● **Your task**:
Write out the full listing exactly as given, minus the images.

● **Given data**:

================

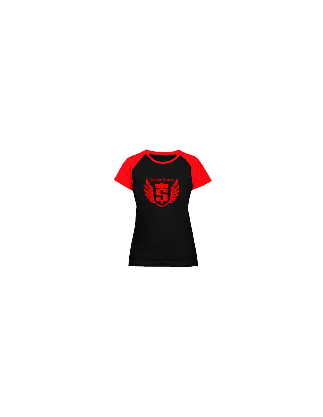- CAMISETA CHICA RANGLAN, NEGRA MANGAS ROJAS - Medidas aproximadas en cm
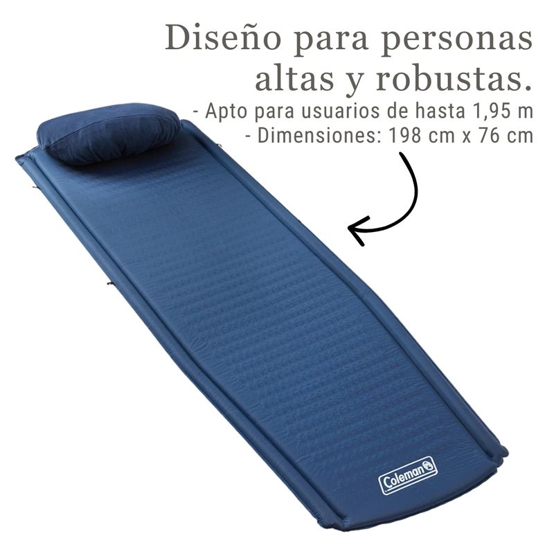 La bolsa para dormir autoinflable Coleman Montauk Camp está diseñada para ofrecer una experiencia de descanso cómoda, práctica y confiable en actividades al aire libre. Es una opción ideal para camping, senderismo y escapadas donde se valora una rápida instalación, buen soporte y durabilidad.
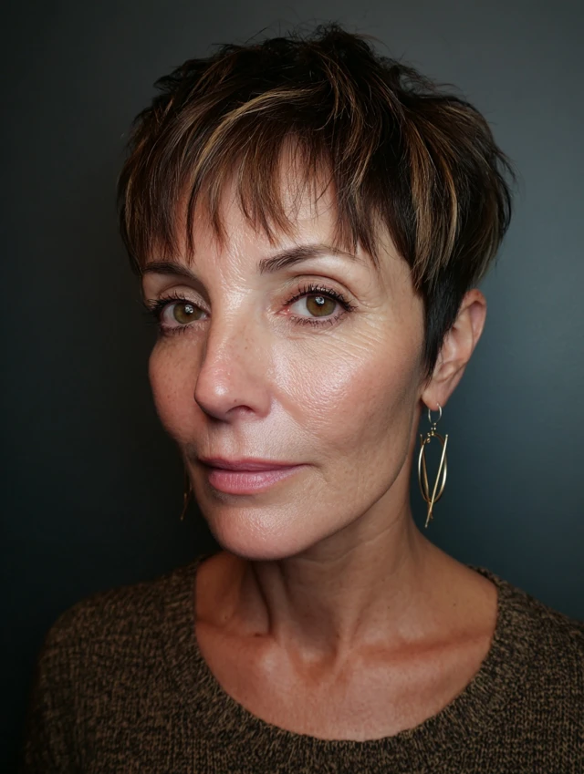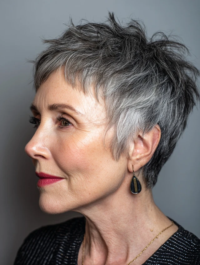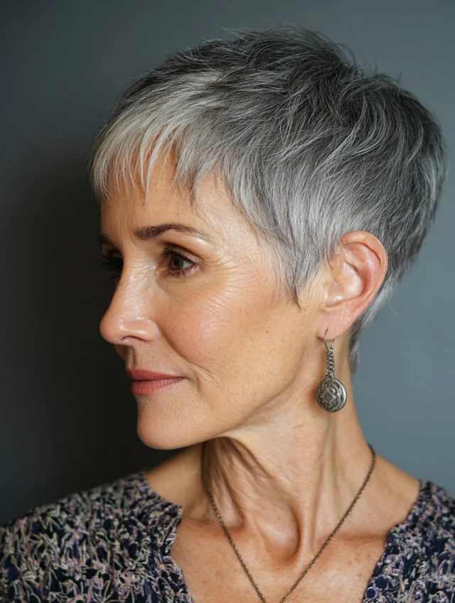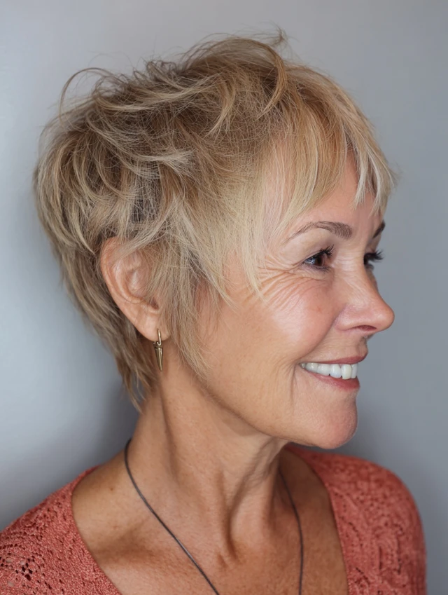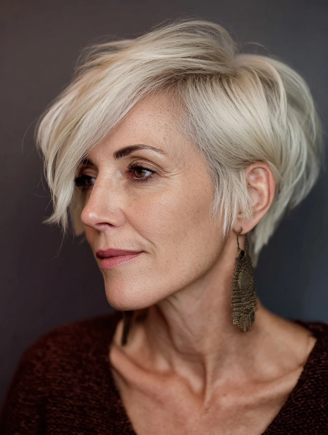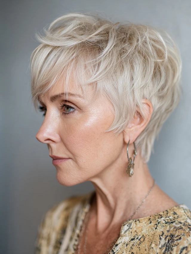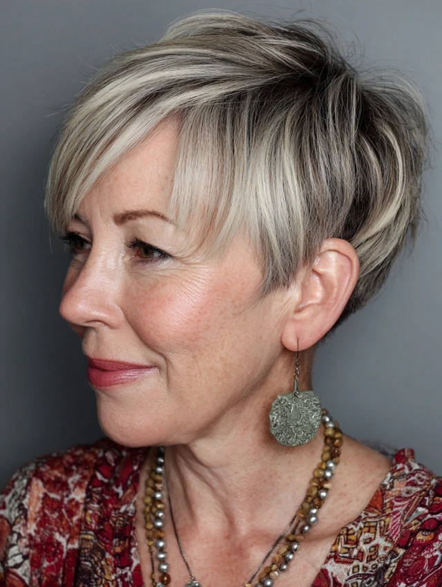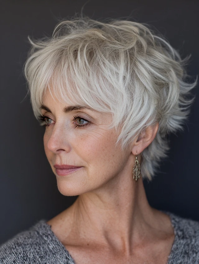Pixie cuts with bangs for women over 50 offer a modern and flattering way to enhance short hair. The addition of bangs brings softness, dimension, and versatility.

================

● **Solution below**:
- CAMISETA CHICA RANGLAN, NEGRA MANGAS ROJAS - Medidas aproximadas en cm
 La bolsa para dormir autoinflable Coleman Montauk Camp está diseñada para ofrecer una experiencia de descanso cómoda, práctica y confiable en actividades al aire libre. Es una opción ideal para camping, senderismo y escapadas donde se valora una rápida instalación, buen soporte y durabilidad.
Pixie cuts with bangs for women over 50 offer a modern and flattering way to enhance short hair. The addition of bangs brings softness, dimension, and versatility.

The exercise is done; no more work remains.